We can advocate for our local officials to recognize the problem and take action. Several cities around the metro are considering policies like just cause eviction, protections for Section 8 voucher holders, and required notice to the city of unsubsidized apartment buildings that are going up for sale. But we can also educate our communities on who needs affordable housing—people who work, people with disabilities, people you know. They are teacher’s aides, grocery store clerks, fast food managers. They go to your church, they work at your coffee shop, and their child is your child’s best friend. And right now, they need their community to step up and help make change.

¹ Evictions in Minneapolis, Minneapolis Innovation Team 2016.


Lael Robertson is a staff attorney at Housing Justice Center. Ms. Robertson focuses her work on enforcing fair housing laws on behalf of low income and on advocating for fair housing policy throughout the region.

Lisa’s story of losing and finding home

“Even in the most desolate areas of American cities, evictions used to be rare. They used to draw crowds. Eviction riots erupted during the Depression, even though the number of poor families who faced eviction each year was a fraction of what it is today…

…These days, there are sheriff squads whose full-time job is to carry out eviction and foreclosure orders…Low-income families have grown used to the rumble of moving trucks, the early-morning knocks at the door, the belongings lining the curb.

… Fewer and fewer families can afford a roof over their head. This is among the most urgent and pressing issues facing America today, and acknowledging the breadth and depth of the problem changes the way we look at poverty.”

– “Evicted: Poverty and Profit in the American City”

Matthew Desmond’s “Evicted” follows the lives of eight families in Milwaukee as they experience eviction. These eight families, unfortunately, are just a few of the thousands of individuals and children removed from their homes each year. And evictions don’t just occur in the cities with the highest rate of poverty. Individuals and families are being forced out of their homes right in our own community.

Join us over the next two months as we invite residents, community leaders and policymakers to discuss Matthew Desmond’s research and explore housing affordability in the Twin Cities.

First we’d like to share with you Lisa’s story of losing and finding home.


At 33 years old, I was a single mother of two children. I was raised in an upper middle class, hardworking family, so working a full-time job to provide for my family was important to me. I had a job at a large health insurance company, but it wasn’t enough to afford nice housing for my children. Fortunately, I was able to get a Section 8 voucher that allowed my family to move into a beautiful two-bedroom home. Life was super busy while I was juggling work and shuffling my kids off to various activities, but it was also really good.

My life took a turn just a year later, after experiencing complications from a surgery.

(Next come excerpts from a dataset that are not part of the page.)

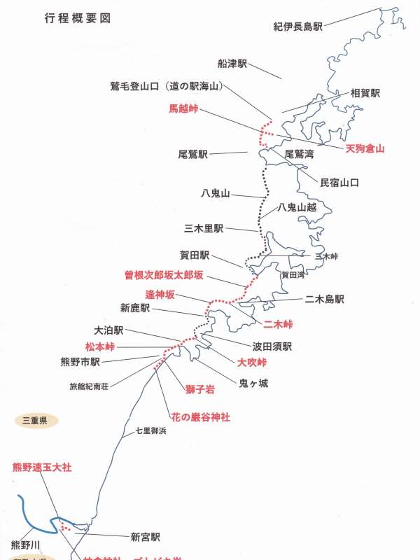 民宿8:20=尾鷲駅9:02=JR=9:25賀田駅9:30-9:50曽根次郎坂登山口ー10:45甫母峠ー12:30二木島駅13:00-13:50二木島峠14:00-14:20逢神坂峠-⑳-新鹿駅16:23=16:33熊野市駅ー旅館ー花の巌谷神社―17:35旅館
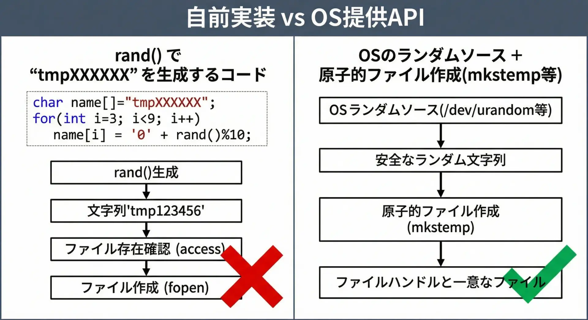 一時ファイルの安全な作成は、OSや標準ライブラリが提供するAPIに任せるのが原則です。
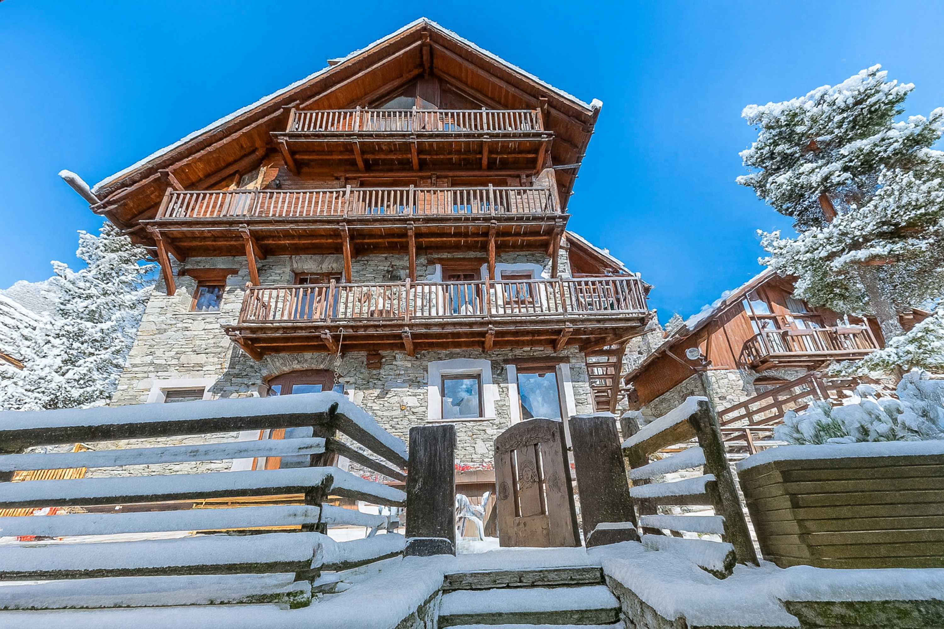 Ontsnap naar een van de meest schilderachtige gebieden van de Italiaanse Alpen. De accommodatie bevindt zich in het charmante dorp Bessen Haut, ook bekend als Bessè Alto, een gerestaureerd bergdorp uit de 18e eeuw. Het appartement, gelegen op de begane grond van een traditionele lodge van steen en hout, biedt plaats aan vijf personen. Het is het hele jaar door een comfortabel vakantieverblijf voor vrienden of families. Het appartement biedt een prachtig uitzicht over het dal en de omliggende bergen. De entree loopt via een mooie tuin aan de achterzijde van het huis.
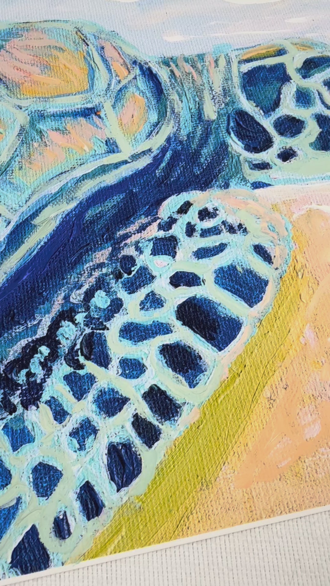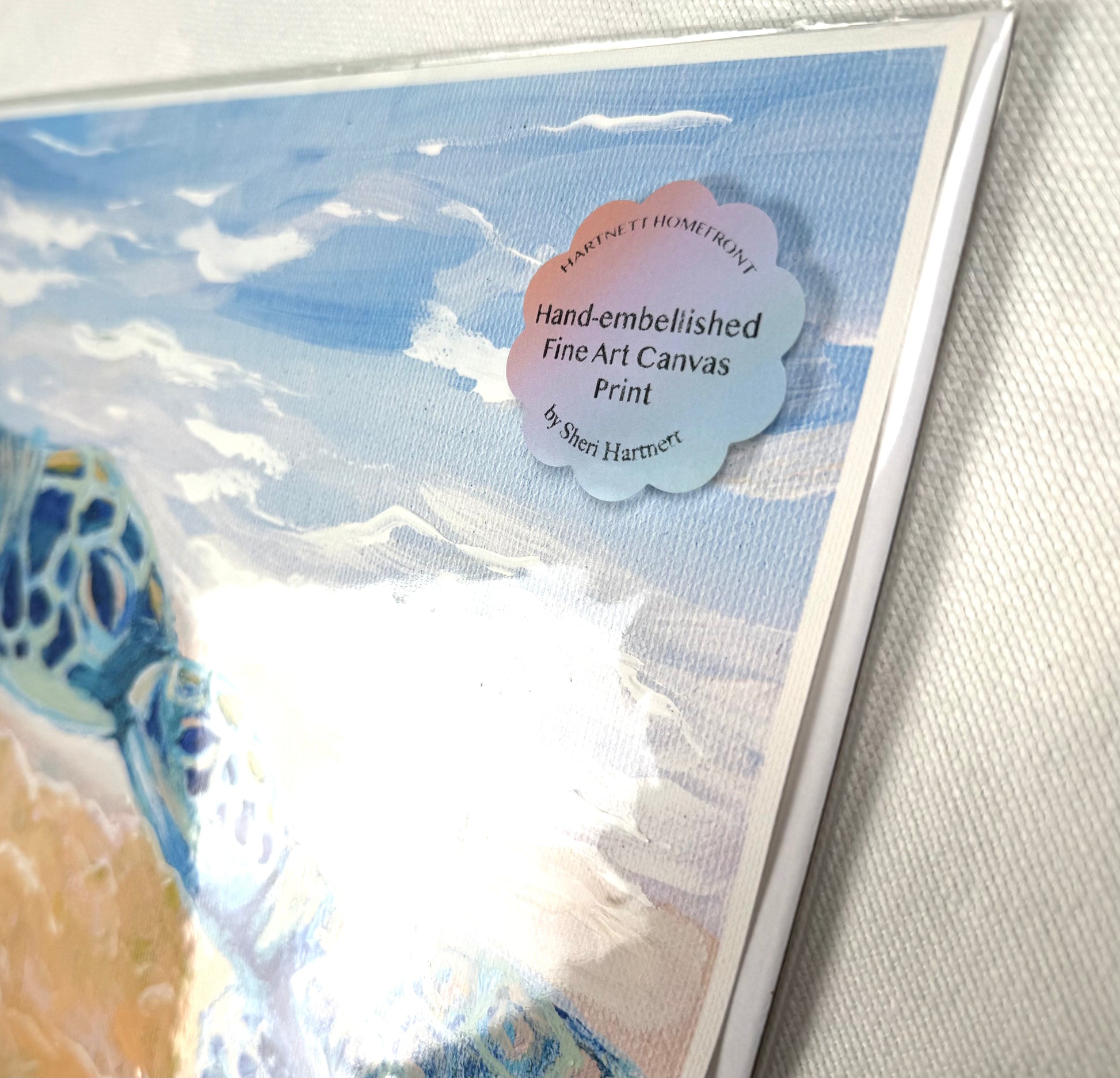 This sweet baby Sea Turtle finding its mama on the way to the ocean for the first time captures the beauty we live with every day. Printed on high-quality canvas sheets and hand-embellished with acrylic paints personally done by the artist, Sheri. H and-embellishing makes each reproduction it's own, one-of-a-kind prints, and gives the feel of an original painting with texture.
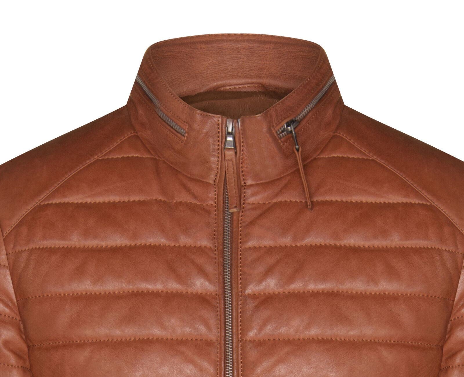 Mens Tan Quilted Leather Puffer Jacket - Tallinn
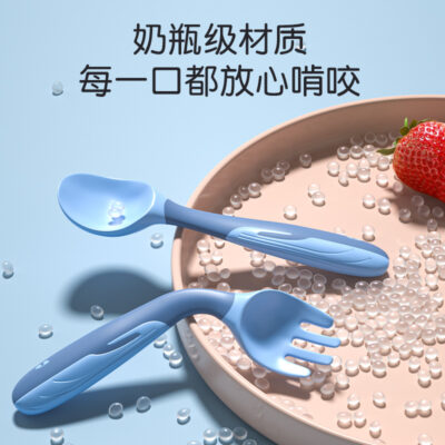 Bé tập ăn tập ăn thìa có thể uốn cong cho bé thức ăn bổ sung vặn khuỷu tay thìa nĩa bộ đồ ăn trẻ em một tuổi
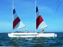 2. Building is lots of fun. Of course, I have always been building…something. I was a building contractor for much of my working life. But even today, nothing seem to make the clock disappear like an engaging building project. And what’s more engaging to build than a boat? 3. If it breaks, you can fix it! This I know from personal experience. Yep, lots of stuff I made in the early days broke -- mostly to do with the rudders. I build things lots sturdier now, but even so, if it breaks, I can fix it! 4. You get great sense of accomplishment. Building anything with your own hands is rewarding. But believe me, a trimaran is MUCH more rewarding to build than a coffee table. And the feeling of being out on the water in something you built yourself is just amazing. 5. Building keeps you off the streets and out of trouble. Well, it does that for me. Of course, if your spouse feels neglected because you spend so much time in the garage or shop, see if you can get them involved one way or another in the construction. Wife Laura is an ace epoxy mixer, and also trims the overlaps at stem and transom whenever I fiberglass a hull! 6. They cost so little to make that you can build two, and sail with a friend! That's what I did, and now my wife Laura is my very contented sailing partner -- and an incredibly competent sailor as well. (And that video of me going 12+ mph in No Commotion? Laura is the one who shot it :) Bottom line: Building your own small trimaran simply gives you the most bang for the buck! Added Note: I Am Now (Finally) Able To Offer Building Plans! Since this article was first sent to Duckworks, plans have been completed for Slingshot 16, an improved version of Laura’s Boat, as seen on my web site (www.DIY-Tris.com) After not being able to fulfill the many requests for plans for Laura’s Boat, I teamed up with CAD whiz Andrew Walters and am now proud to offer what I believe to be some truly first-class building plans. If you have any interest in building a quick and nimble small trimaran, you can get full plans for Slingshot 16 here at Duckworks. And if you’d like FREE study plans for Slingshot 16, simply send me an email here with “FREE Study Plans” in the subject line, and I’ll get them right out to you! Here’s a video of one of my first small tris, No Commotion. Happy sailing, “Trimaran” Frank

I was in and out of the hospital, I lost my job and pretty soon my mental health started deteriorating. While I was fighting for my health, simple things like keeping up my home became unmanageable, and I started to fail the annual Section 8 inspections.

After being evicted from my home and getting kicked off of the Section 8 program, I struggled for years to find stable housing. My kids moved in with my parents and I hopped from place to place. For a while I rented a condo until it was foreclosed. I then moved into my friend’s basement, which was infested with mice and quickly became unbearable.

It wasn’t until my social worker told me about Aeon that I was able to find some stability. A lot of landlords wouldn’t give me a chance based on my very short history of being a “less-than-ideal” tenant, but Aeon accepted my rental history and allowed me to move into one of their affordable homes. I was ecstatic.

Having a home was crucial for me to pick up the pieces of my life, but so many others don’t get that chance. It’s time we rethink the system, and how we can do better to help people find stability.